Like any creative activity, grandchildren tend to find cooking fun. A bit of healthy competition never hurts, though – and you can interest your grandkids in new foods by adding an element of gameplay to the mix. Try cooking games that encourage them to get creative – like making gingerbread families, or creating simple balanced dishes using the healthy food groups.


Food, Health and Fun in the Kitchen 

Teaching grandchildren about food and health early is one of the most important lessons a grandparent can pass on. When you play your cooking games, think about what your grandchildren need to learn, and then create little tasks to illustrate good cooking practice.

Your games needn’t be limited to cooking and eating alone. Make sure you include important health and safety tips – for example safe knife use, or making sure the equipment is clean – in your play. Try asking your grandchildren to identify which bits of kitchen equipment they’d use to make different imaginary dishes; or getting them to find the dirty spoon and clean it.


Ideas for Simple Cooking Games 

Here are a few ideas for games grandparents can play with their grandchildren in the kitchen. Some are messier than others!
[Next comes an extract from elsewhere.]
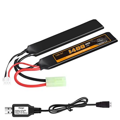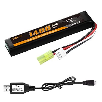 The VICMILE Airsoft Battery is a high-performance rechargeable 2S Lipo battery designed for airsoft model guns. With a capacity of 1400mAh and a voltage of 7.4V, this battery delivers a powerful discharge rate of 30C, providing increased firepower and rapid trigger response time. Its compact size and Tamiya plug make it compatible with most popular airsoft model guns. The battery has a long cycle life and offers super safety features, with no memory effect and quick, constant charging. Included with the battery is a 7.4V USB Battery Charger. With positive customer reviews and a rating of 4.4/5, the VICMILE Airsoft Battery offers reliable performance and comes with a one-year warranty.

1: Junior MasterChef – suitable for grandkids over the age of 5. Teach them about balanced meals by getting out a selection of foods from the major food groups, then asking them to come up with an idea for something nice to eat using as many of the groups as they can. Remember, you can control how complicated the game is by choosing simple ingredients. A ham, cheese and salad sandwich, for example, covers most of the main groups and doesn’t even need an oven!

2: The Equipment Game – suitable for grandchildren over the age of 3. You can play one of two ways, dependent on how old your grandkids are. Either set out a range of equipment you know is safe (for younger grandkids), and ask them which bits they would use to make different foods; or (with older grandkids) ask them to find the right equipment for specific food.

3: Grandma/Grandpa’s Menu – tell your grandchildren something you really like to eat, and then ask them to help you make it. Then get your grandkids to tell you something they really like to eat: and this time, it’s their turn to get you doing the work!


Cooking with grandchildren  is fun, educational and a really important way to spend time together. Who knows what you’ll cook up?!